I have not much practical experience with scanned data in production, but from the functionality point of view, the key points are:

Triangulated surfaces and analytic/spline surfaces (as used for Creo model geometry) are not compatible.

A high number of small triangles still does not make a smooth surface like a cylindrical or ball shaped surface.

You cannot use facetted geometry to sketch on, make it solid or intersect it with the solid geometry.

So what is the use of it?

  1. On one hand it is a very light to handle representation of geometry (as there is no "intelligence" in it and plane triangles are simple to be displayed). Therefore it can be used as a placeholder for surrounding environment spending few resources (actually Creo itself is using so-called shrinkwrap representations of components, which can be triangulated surfaces, as kind of mockups to speed up performance in assemblies - of course you use shrinkwrap only for those components you do not work with)
  2. If you want to create model geometry out of triangulated imports, you need to rebuild the geometry based on the triangulated surfaces.

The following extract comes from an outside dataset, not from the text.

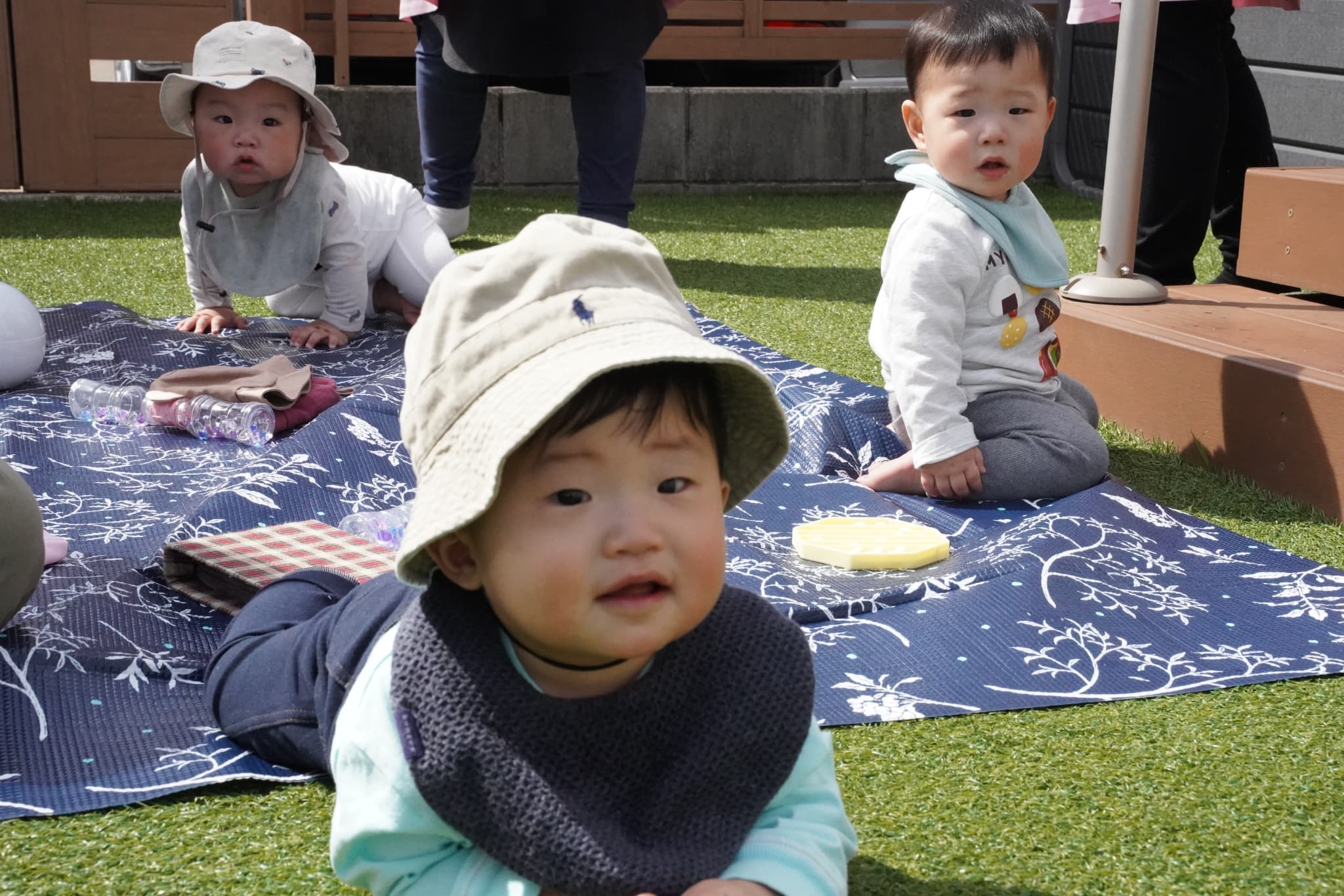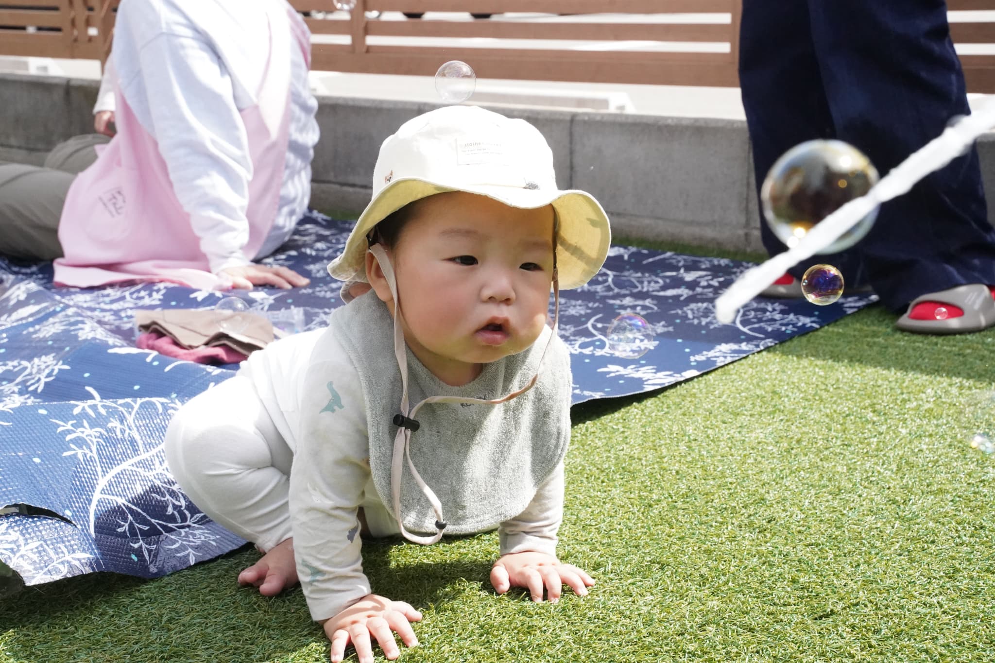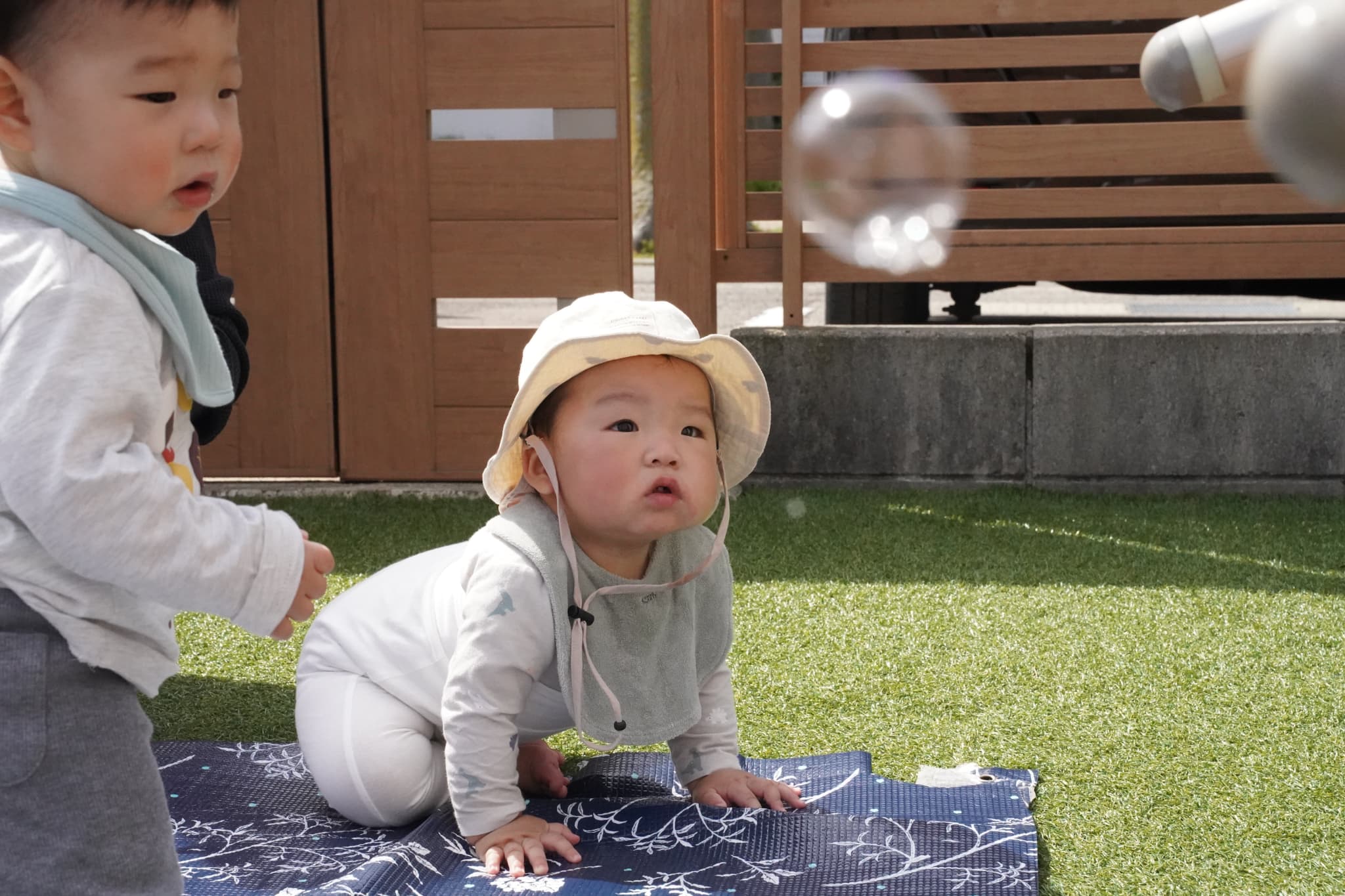 真剣な眼差しでシャボン玉をおいかけているね!😊

There are basically two methods:
    • You can create high quality suraces by projecting curves onto the triangulated surfaces and then create surfaces out of the curves. This is basically what the restyle functionality offers tools for.
    • You can keep the triangle shapes and create a faceted solid by saving models containing facetted geometry with the file type Shrinkwrap using the option "Faceted Solid". Make sure to turn the quality high enough to get acceptable quality (you may follow the warning and rather start with low quality and increase it slowly, as the creation time is exponential). The resulting model will still have the "scaled" look, but its actually a solid that you can cut or merge with other solid geometry.

Do we have some users on this thread with practical experience using those methods in production?